# This is most likely...



## Unique (Apr 11, 2005)

our second CHI!
:lol: :lol: :lol: :lol: :lol: :lol: :lol: :lol: :lol: 

Aint he beautyful..? He was only two days old there.
His name is Laramy..dont know if we keep the name yet, but its cute I think.
AND??? Do you guys think he´d go good together with my Bentley baby???
Gosh I am so excited....










xx,


Nadine.


----------



## mychisangel (May 6, 2005)

He's absolutely adorable and I think Laramy and Bentley are great names and go together really well. :lol:


----------



## xx-nathalie-xx (Jan 10, 2005)

i love the name ....and the puppy looks so cute !!

kisses nat


----------



## SC (Oct 15, 2004)

mychisangel said:


> He's absolutely adorable and I think Laramy and Bentley are great names and go together really well. :lol:


Oh I agree!!! How exciting!


----------



## fizzy n kirbys mum (Jan 17, 2005)

what a perfect little angel


----------



## nabi (Nov 25, 2004)

He is beautiful....they both have great names.


----------



## MYCHIBABY (Apr 26, 2005)

He's adorable. Those names are perfect together. They make a great match. You're so lucky.


----------



## SunnyFLMum (Apr 21, 2005)

Awwww...look at his little feet!! I love puppy feet...I kiss Gizmo's lil feet everyday...LOL...

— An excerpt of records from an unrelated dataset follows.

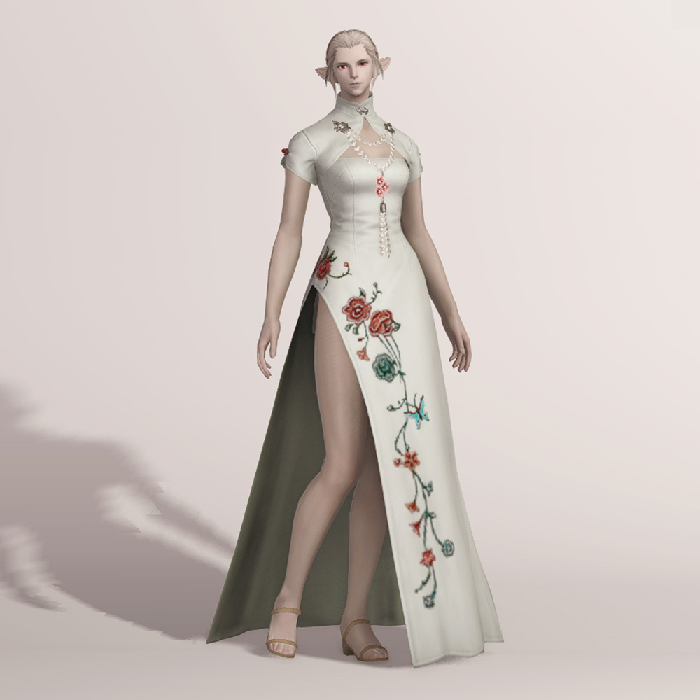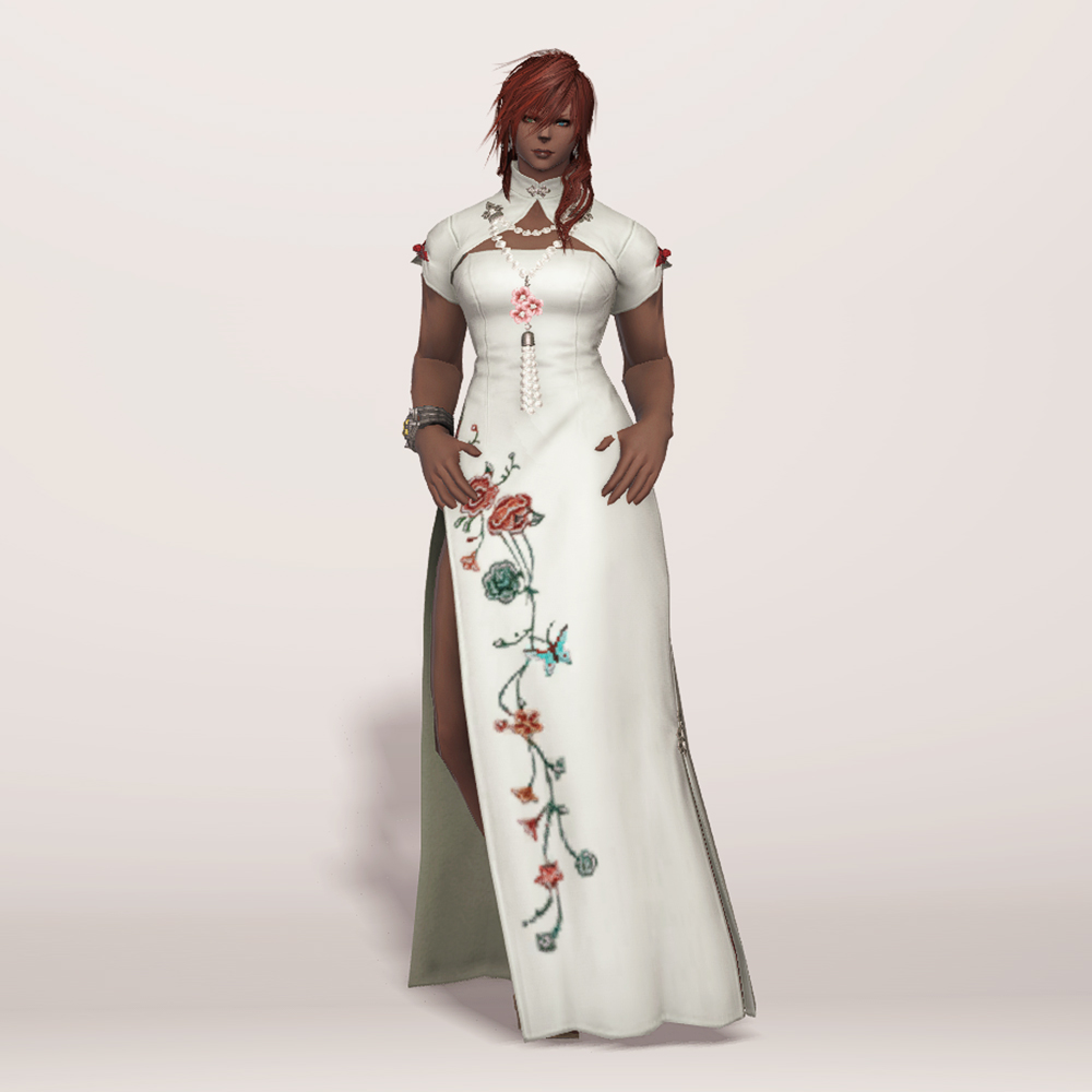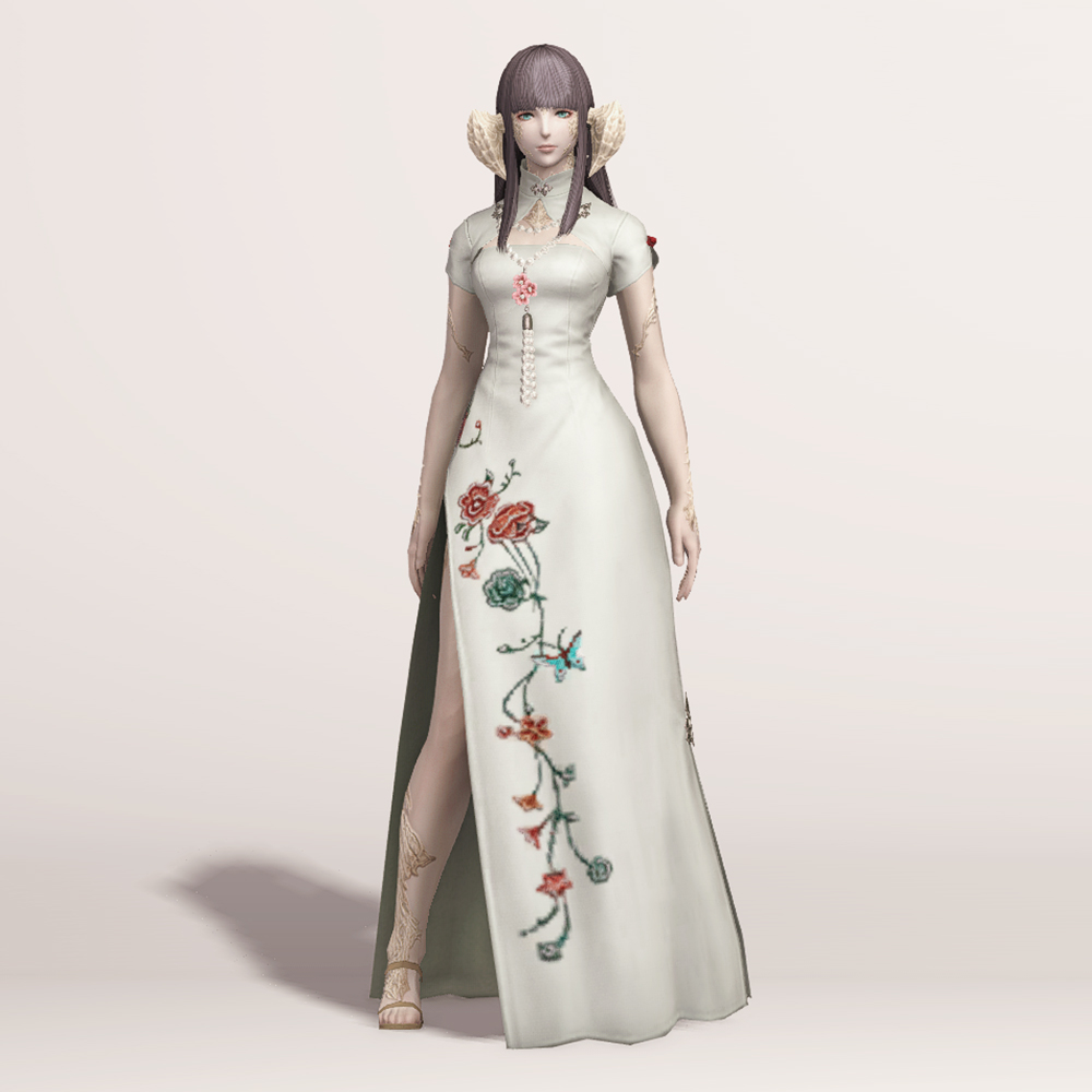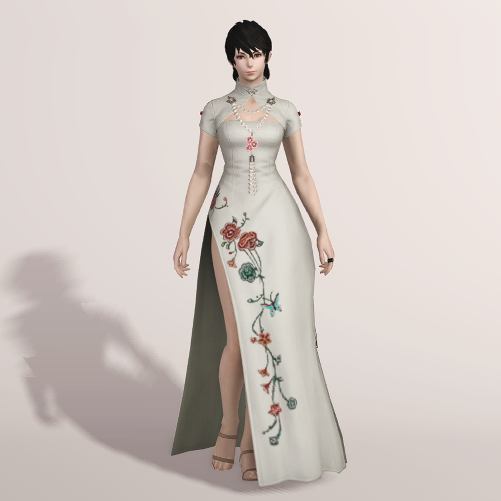 호화롭고 디테일한 자수로 멋을 낸 모던한 느낌의 롱치파오 원피스입니다. 가슴과 등이 과감하게 노출되어 있는 백리스로 크롭 볼레로 재킷을 걸쳤습니다. 진주처럼 예쁘게 빛나는 장식들이 포인트로 들어가 전체적으로 고급스러우면서도 기품 있습니다.
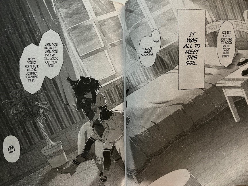 Of course, that wouldn’t happen instantly, so they had some time to kill and some levelling up to do. Because of Fran’s low adventurer rank, the best quests they could take on were herb-gathering ones, which were incredibly boring. On one of these quests, they overheard some swords clinking. Was someone fighting? Fran rushed to help the three adventurers who were surrounded and outnumbered by goblins and hobgoblins. Fran killed them all and then learnt that a goblin stampede was likely.
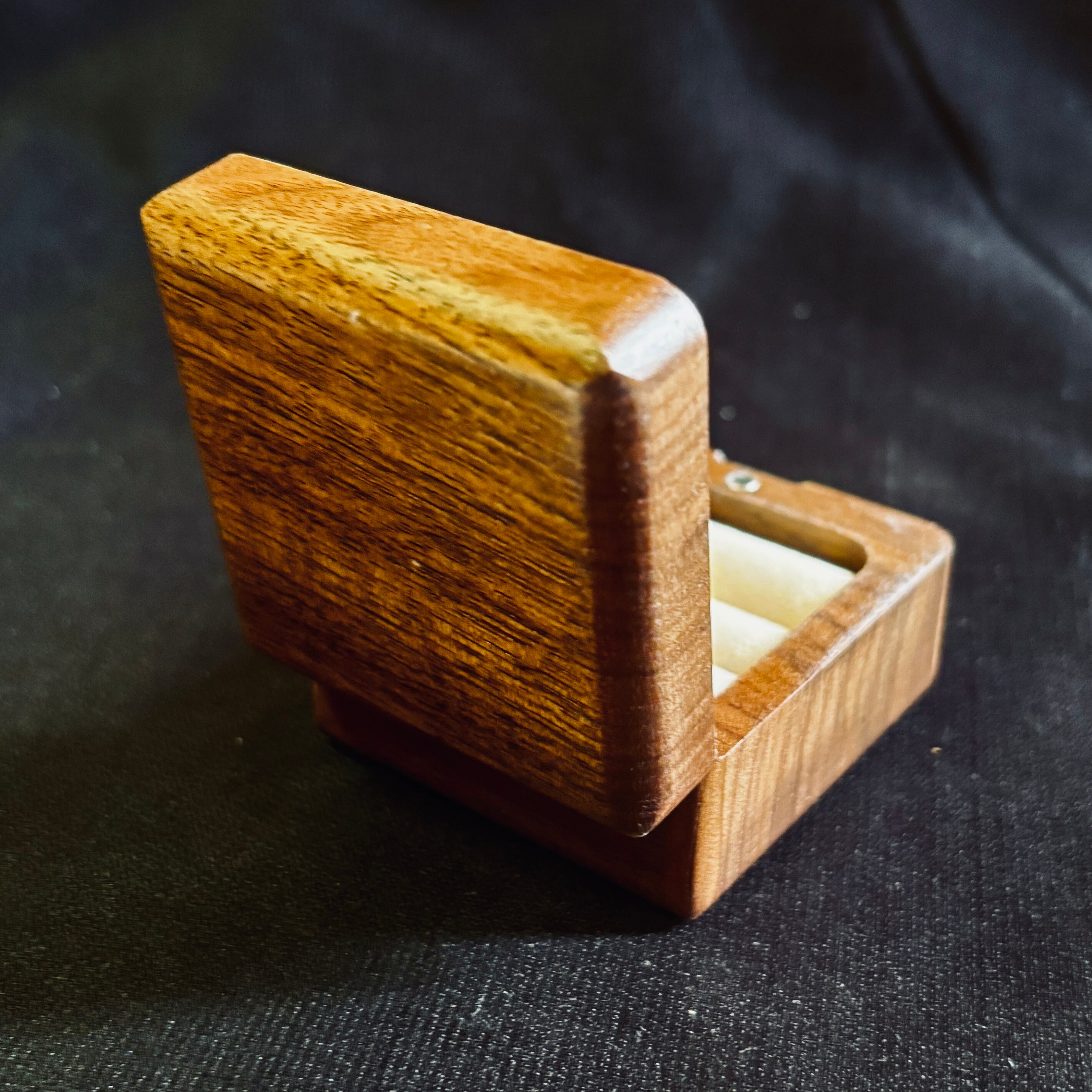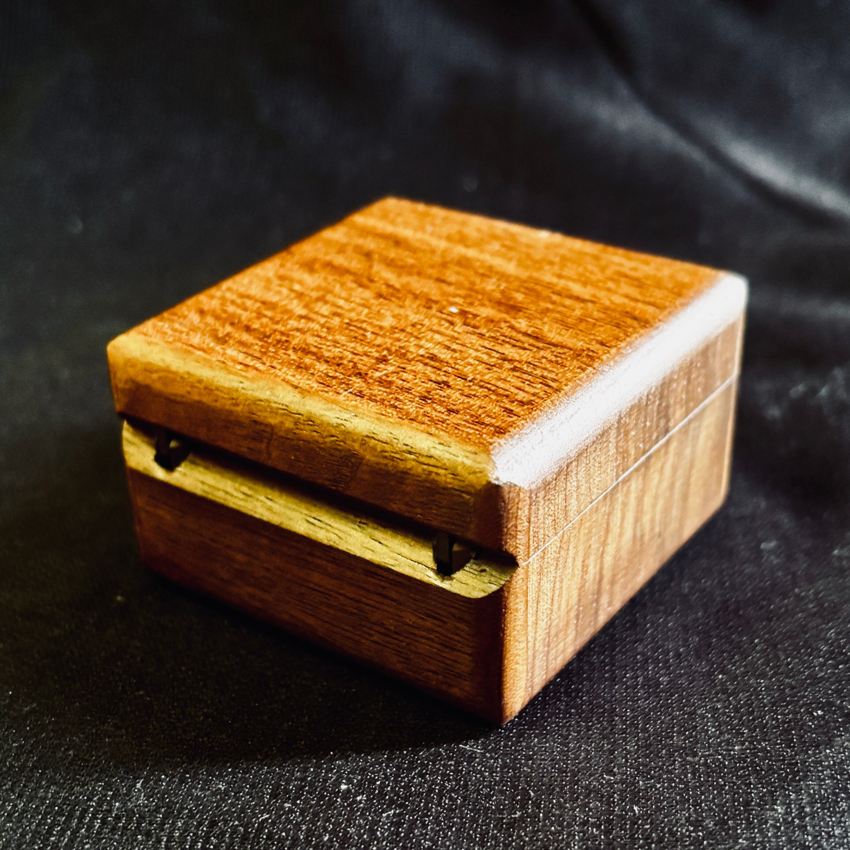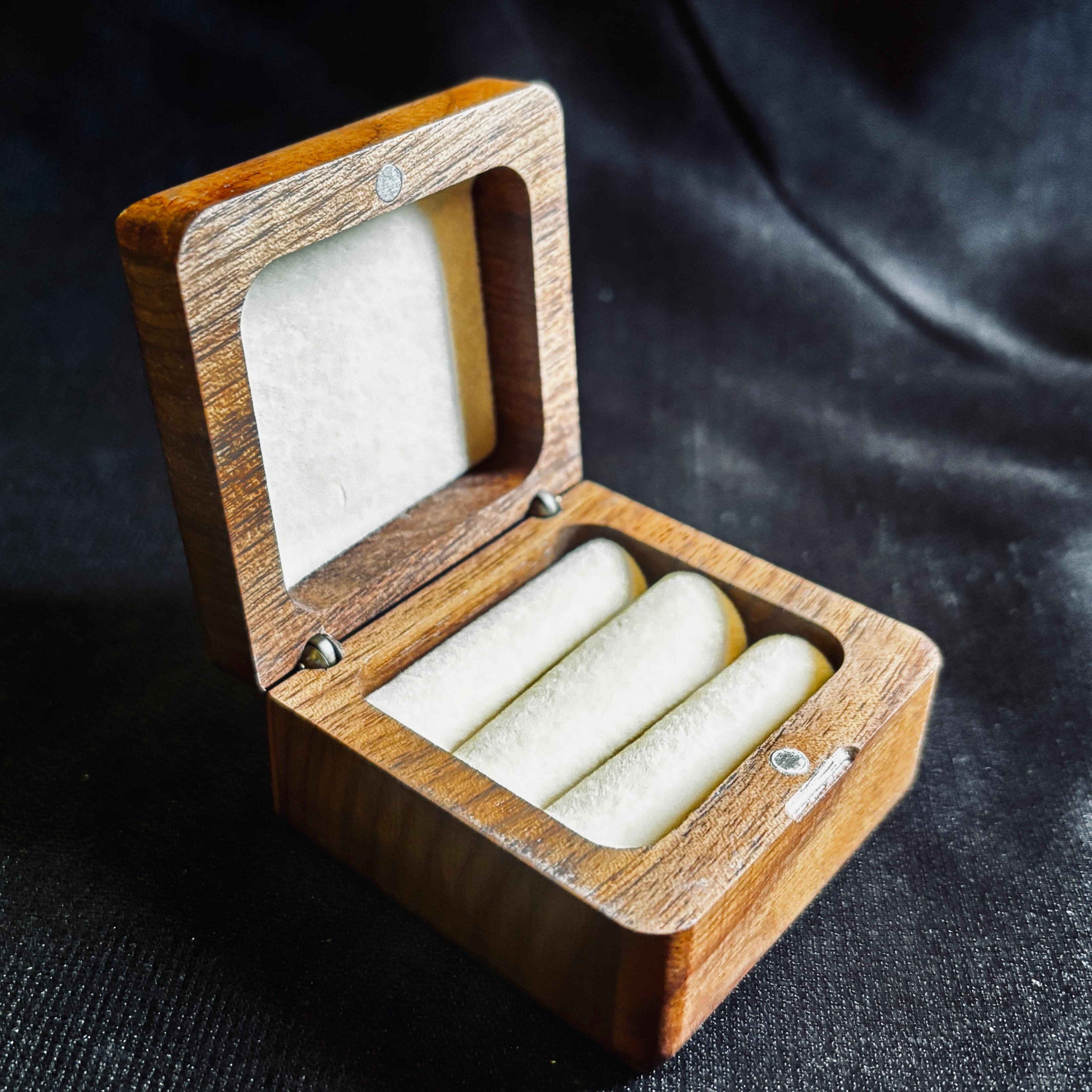 手のひらにコロンと収まるサイズ感(約60mm四方)ながら、無垢材ならではの重厚感と気品を兼ね備えた、特別な一箱です。

OMG I have a Chi-foot fetish...LOL :shock: 

He is a handsome fella....I would get him in a heartbeat :love5:


----------



## OzzyAndLilysMom (Mar 9, 2004)

yes he would go perfect hes a little angel


----------



## CooperChi (Dec 16, 2004)

He looks wonderful! How exciting!


----------



## chihuahua-lady (Apr 13, 2005)

awwwwww what a cutie


----------



## KJsChihuahuas (Jan 6, 2005)

Omg he is so cute!!!


----------



## Mia's Mom (Jan 25, 2005)

Awwwww, how cute.... I love the names together, too!! Congrats!! :wave:


----------



## xfayex (Apr 4, 2005)

awww id snatch him up quick he's a beauty!


----------



## luvmydogs (May 13, 2005)

Cute Cute Cute.

Leslie


----------



## sjc (Jan 14, 2005)

He is a beautiful color too!! The name is great..very fitting! I adore Chi feet too :wink:


----------



## Unique (Apr 11, 2005)

Thanks guys.. I am in love too!!!

I am sure Bentley will adore him! His little brother :wink: 

Thats him Mommy..









And thats his Daddy....









xx,

Nadine.


----------



## Cooper (Jun 15, 2005)

He's absolutely gorgeous! Of course, I *am* partial to the chocolates.


----------



## MissMolly (Jan 28, 2005)

Awwww! He's adroable!!!! His mommy and daddy are sooo cute too!!!


----------



## Rachael Polachek (Feb 19, 2005)

Did you think we'd advise you not to get a 2nd chi?  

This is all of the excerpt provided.